I had half planned to visit the nearby coffee plantation early in the morning and then get back in time to check out and get to the airport, but by the time that I was properly up and awake I was too late for the three hour round trip and visit.
Instead I made got up, dressed and went down to the breakfast table where I made my first solo properly cooked breakfast, which was scrambled eggs and toast, although I put in too much milk and had to take a third egg instead of the two that we were allowed.
Over breakfast I marvelled at the genuis of having a large breakfast table in a hostel as it encouraged people to sit together and talk, and it was here than I got chatting to a very interesting girl from eastern europe whose parents moved to Germany when she was young and through travel and education could speak several languages.
She had been travelling and trying to do volunteer work, much as I had planned to do at the very start of my trip, and as soon as the rain and the flooding of the area had occured she had placed a call to the local red cross agent offering her help, to which the guy said that he would visit the hostel to talk to her around 9am. As I had also told myself that I would try to help when I could, I decided to wait around and see what jobs could be done either here or in Bogota as that was my next stop, however it would appear that the locals did not require any foreign help as the guy from the red cross again called the hostel around 10am to say that the situation was all now under control but if anything did crop up he would contat again in a day or two.
It was a little bit dissapointed not to be able to help, as not only would it be a great experience and something that I had said that I wanted to do before I started but had not yet had a chance to do.
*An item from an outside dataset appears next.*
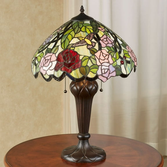 current price $349.00Roses Hummingbird Tiffany Style Stained Glass Table Lamp Multi Pastel One Size

After this bit of news we sat around and chatted for a few hours ti lit was time for my flight, along with the hostel owner and by the time that I left I was passing my card out and hugs all round, so much more like saying farewell to friends than simply goodbye to a place where I was staying, and this I believe is the biggest bonus of staying in a hostel.
On the way to the airport I thought hard about possibly running a hostel as a buisness and where would the best place be, and yet when I got to the airport all I wanted to do was scream and find someone that spoke English.
Manizales airport was tiny ( being only suitable for national flights ), with only about 5 check in desks, one x-ray machine and one mixed arrival and departure gate. As it was only one gate it was easy to find but it didnt have any screen projects saying when things were arrving or departing and so I had to listen and then just walk over to the departure gate, only to find that my flight was delayed.
An hour later and the same thing happened, and eventualy my flight that should have left at 12:25 in the end left 2 hours late and I had gone from optomistic to frustrated to downright aggresive and if they had delayed my flight again I would have gone up and attempted to demand my money back, plus my luggage, and I have no idea how I would have managed that in the little Spanish that I know.
Arriving in Bogota was fine, except that it was a holiday Monday, and even though Bogota is the capital city, in South America on a holiday you will find only about 10% of the bars, restaurants, clubs, etc open, and thus my night was going to be long and fairly uneventful. The taxi rank at the airport had its own desk where you would get a fixed price in advance and a full direction to give the taxi driver, so there is no chance of being stiffed and little chance to get lost until you arrive at your destination.
Earlier in the week I had decided to change my lodgings to a hotel, as I wanted to be able to invite friends back after a day aorund the city, especially as it is raining a lot and cold at nights, and I had become increasingly frustrated by smal hostels refusing to allow friends of guests inside or into the rooms for security reasons.
I managed to check in, read through the whole sheet of warning and city dangers that did nothing to reassure me and as soon as I got to my room I checked to see if I could get a wifi signal in my room, and as I could not I quickly contacted the reception and asked to be moved to one that did, even though the final one was a fraction smaller and closer to the renovatoin works that were going on, as thus why the price was affordable.
A few hours later I met up with my friend N' and before she even came into my room she said that my hotel was in a very dangerous part of the city, being the central downtown which was an area full of drugs addicts, prostitutes and thieves. In fact, she told me, she had had her cellphone stolen there only last week and her mother had her purse pick pocketted the week before, all of which did nothing to put me at ease in a city that I had not been in for almost a year, and never to this part of.
After the hotel warnings, this further unsettled me, so together we went got a taxi and went to grab a bite to eat and see some of the city, although as I said, being a holiday Monday, all we could really do is see the outsides of places and not actually get in anywhere. Together we went around a shopping mall, saw the many Christmas decorations and took a few photos.
In an effort to find a more suitable hotel in a safer area we asked the taxi driver to take us to a cheap alternative nearby, but at over 600,000 pesos for one nights stay, I calculated that even if I was robbed of everything I would still lose less than the cost of staying in this hotel for 4 nights, and without even a tour I decided that I would prefer to take my chances where I was currently checked into, and just be extra cautious to not go out alone late at night with anything of value.
N' had to be up early the next day for her studies and work so I said goodbye and hoped that we could meet up again before I left at the end of the weekend.